夜明けの街で
【著者】 東野 圭吾 【装丁】 角川文庫 391頁
【価格】 629円+税 【発行】 平成22年7月
2007年に刊行された単行本の文庫化である。
15年前に起きた殺人事件をからめながら話が進むが、主題は結婚生活の肯定であり、不倫がいかにソロバンにあわないか、という事例研究である。
「自分の長所をアピールし合うのが恋愛なら、短所をさらけ出し合うのが結婚だ。もう相手を失う心配がないから、恋愛中みたいに、必死で相手を振り向かせようと努力することもない」(本文から)。
確かに、結婚はマンネリズムの極みであろう。昨日、今日、明日と変わらぬ日々が続き、夫婦で歳をとってゆく。

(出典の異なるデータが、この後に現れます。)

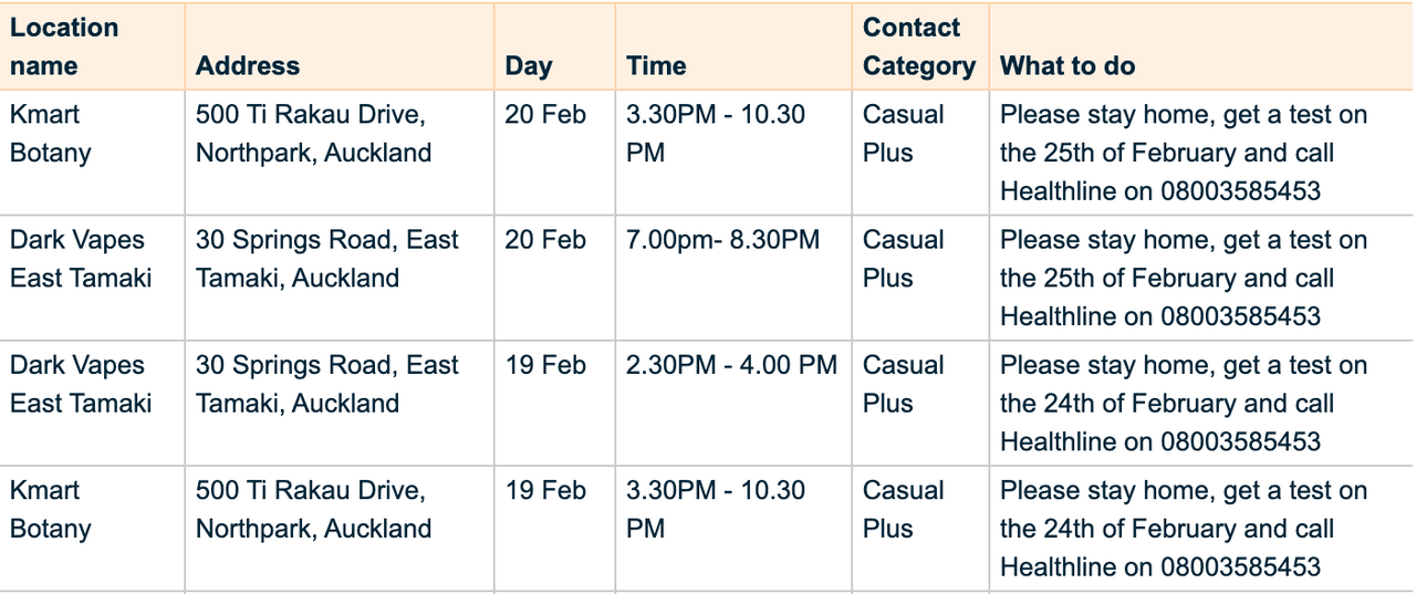They are: Kmart in Botany Downs and Dark Vapes in East Tamaki. Anyone who visited these sites at the specified times is considered a “casual plus” contact and should remain isolated at home.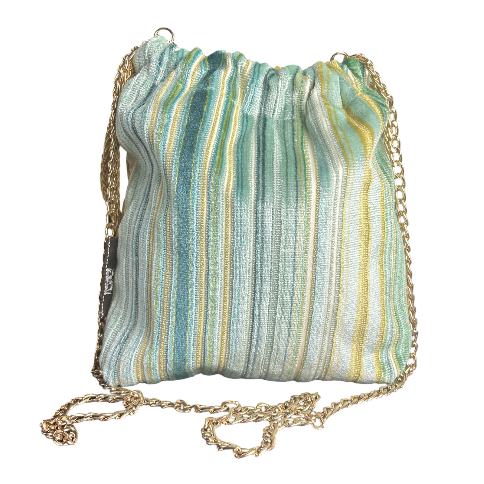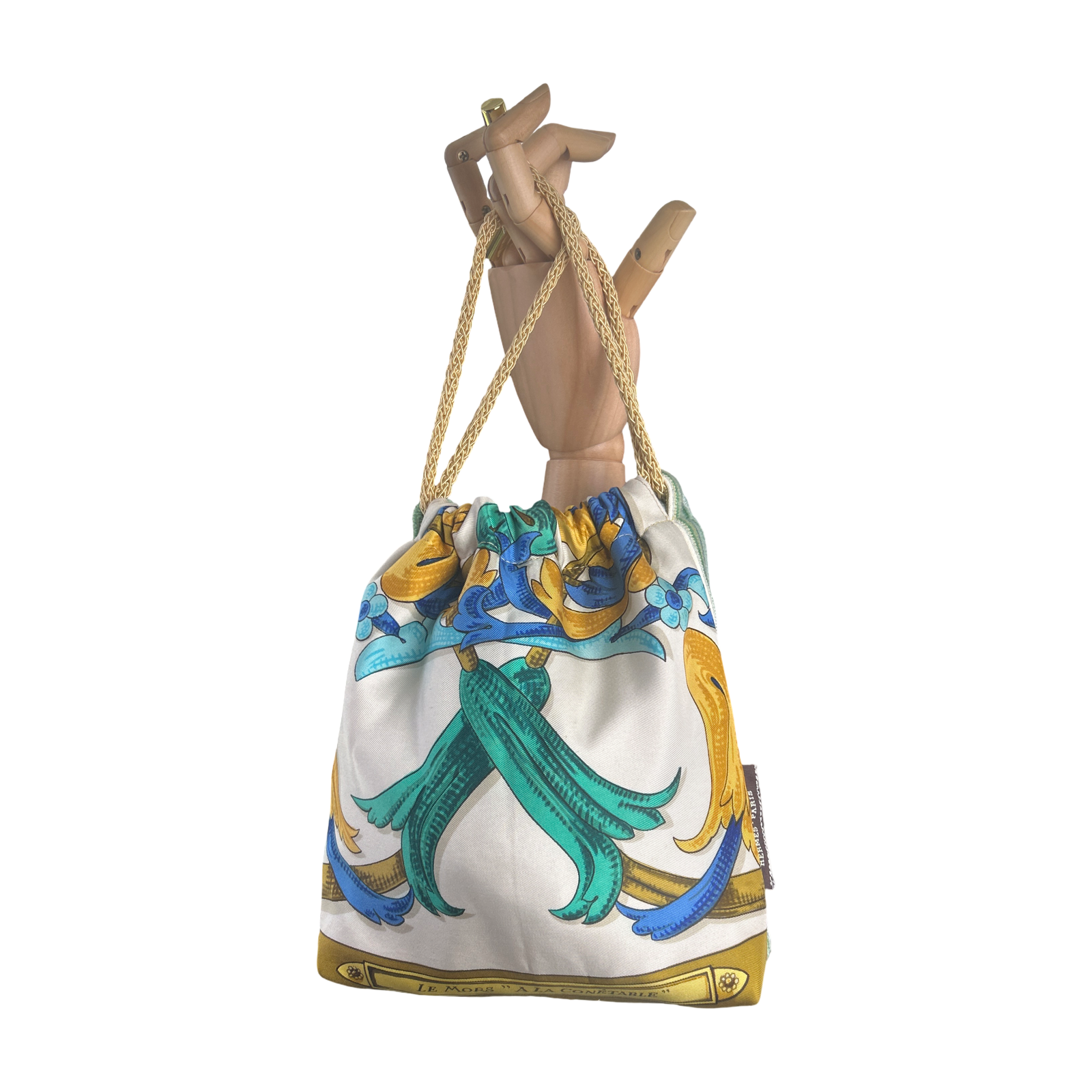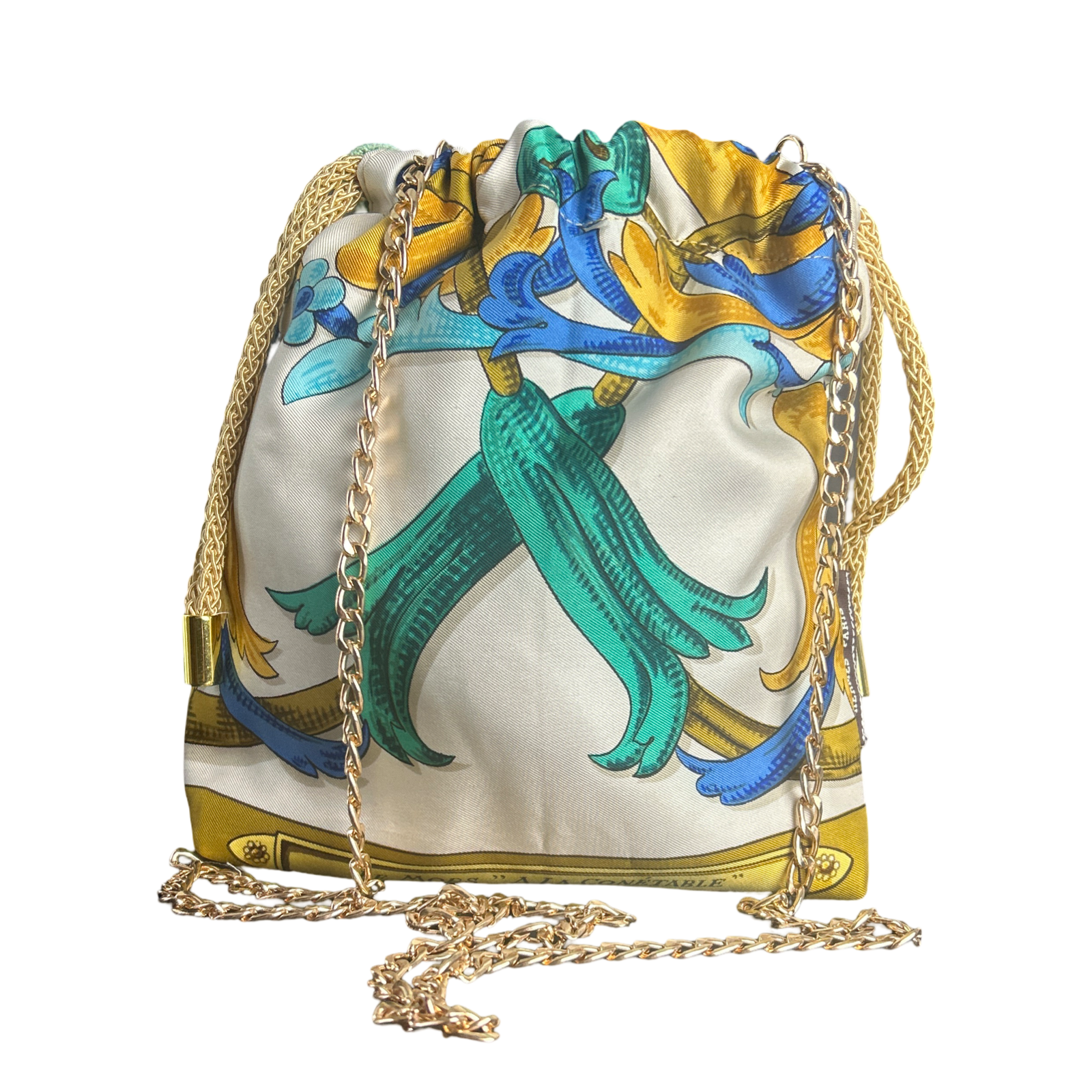 Reimagined from the world’s finest collection of vintage Hermès scarves, our drawstring bag is the ultimate accessory for your on-the-go lifestyle.  Uniquely convertible from a crossbody to a handheld bag with both goldtone chain and silky drawstring cord.

一方、不倫は家庭生活では得られない緊張と高揚をもたらしてくれる刺激的な行為だ。
その代償としてすべてを失うことにもなりかねず、決してよい結末にならないことは、主人公・渡部も十分承知しているのだが、承知していながら彼は、派遣社員の秋葉と深い中になった。ところがいざ不倫を続けるとなると、これがなかなか大変だ。妻にはばれないように時間を捻出し、愛人にはいいところを見せなければならない。おそらく金銭的にもかなり無理をしたことだろう。
本書を読みながら、なぜか竹内まりやの「家に帰ろう」の詩とメロディーが浮かんできた。
本書では、職業人の夫の勝手な言い分が並んでいるが、妻だってルーティンな仕事の繰り返しが面白いわけがない。それでも安定した家庭を維持するためには、夫のわがままに目をつむらざるをえない。
そうしてまでも、家庭というものは守ったほうがよい、というのが結論だ。
さて、前述した殺人事件の件である。秋葉の父親の愛人が殺されたのだが、秋葉はその容疑者とされている。15年の時効を迎え事件の真相が明らかになるという筋書きで、これにまた不倫がからんでくる。
やはり不倫はよくない、という話である。